(1150-A) Screening for RAS inhibitor combination targets using a multiplexed CRISPR platform that incorporates drug sensitivity profiling, mode of action assays and cell line generation
Abstract: The AstraZeneca CRISPR pipeline for target discovery uses arrayed CRISPR screening with synthetic guide RNAs to validate hits from lentiviral whole-genome pooled CRISPR screens. Since arrayed workflows can be time-consuming and laborious, it is favourable to maximise the information obtained from one screen, as this enables detailed annotation and faster triaging of hits. For drug-target interaction studies, it is common to run cell proliferation and mode of action (MoA) assays sequentially. Parallel execution could significantly reduce target validation timelines.
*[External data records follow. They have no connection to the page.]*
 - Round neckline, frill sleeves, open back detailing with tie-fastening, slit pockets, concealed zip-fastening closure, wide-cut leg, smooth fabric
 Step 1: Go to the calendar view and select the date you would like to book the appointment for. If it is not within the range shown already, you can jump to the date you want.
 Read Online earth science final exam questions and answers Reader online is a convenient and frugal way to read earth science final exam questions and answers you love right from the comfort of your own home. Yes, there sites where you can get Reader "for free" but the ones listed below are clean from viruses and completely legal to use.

Following a whole-genome pooled screen which identified sensitisers to RAS inhibition (RASi) in pancreatic and colorectal cancer cell lines, we established a semi-automated, arrayed KO workflow that features multiple readouts and thus extensively annotates hits for target validation. Each gene knockout (gKO) was profiled in a 7-point dose response assay quantifying changes in RASi potency and efficacy, plus assessment of cytostatic and cytotoxic effects. In parallel, we used live cell imaging to capture apoptosis as a mode of cell death and an immunofluorescence assay to monitor both cell cycle changes and induction of DNA damage. Additionally, next-generation amplicon sequencing of every gKO was applied to validate editing efficiency and to link the observed phenotypes to genotype. Furthermore, we streamlined follow-up studies of top hits by cryopreservation of every KO pool.
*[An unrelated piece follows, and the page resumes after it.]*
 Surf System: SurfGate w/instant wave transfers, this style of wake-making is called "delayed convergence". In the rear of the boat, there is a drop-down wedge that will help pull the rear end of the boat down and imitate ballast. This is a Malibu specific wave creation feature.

We developed this multiplexed workflow by employing several automated liquid handlers, and confirmed the full protocol’s handling and statistical robustness in a pilot screen. Data from the primary hit-ranking assay, CellTiter-Glo, showed that automation produced low plate-to-plate variability (neutral control average CV = 6.7%) and a wide assay window (up to 13.4-fold shift in IC50 using a positive control gKO). The mechanistic imaging readouts also demonstrated good assay windows, and our NGS assessments revealed an average CRISPR editing efficiency of over 75% in the cryopreserved KO pools.
By running the drug sensitivity profiling in conjunction with the MoA assays, plus the cell line generation, we estimate that we have sped up the hit annotation process by 2-3 months. We have used the workflow to validate top hits from a RASi pooled screen, successfully identifying genes which sensitise to RASi across cell lines, increase apoptotic cell death, modulate the DNA damage response and disrupt the cell cycle. Sensitisers identified using this screening setup could be novel combination targets with RASi. In summary, by utilising automation and running numerous assays in parallel, our multiplexed arrayed CRISPR KO platform can significantly expedite hit-triaging and will bolster the AstraZeneca CRISPR pipeline for target discovery.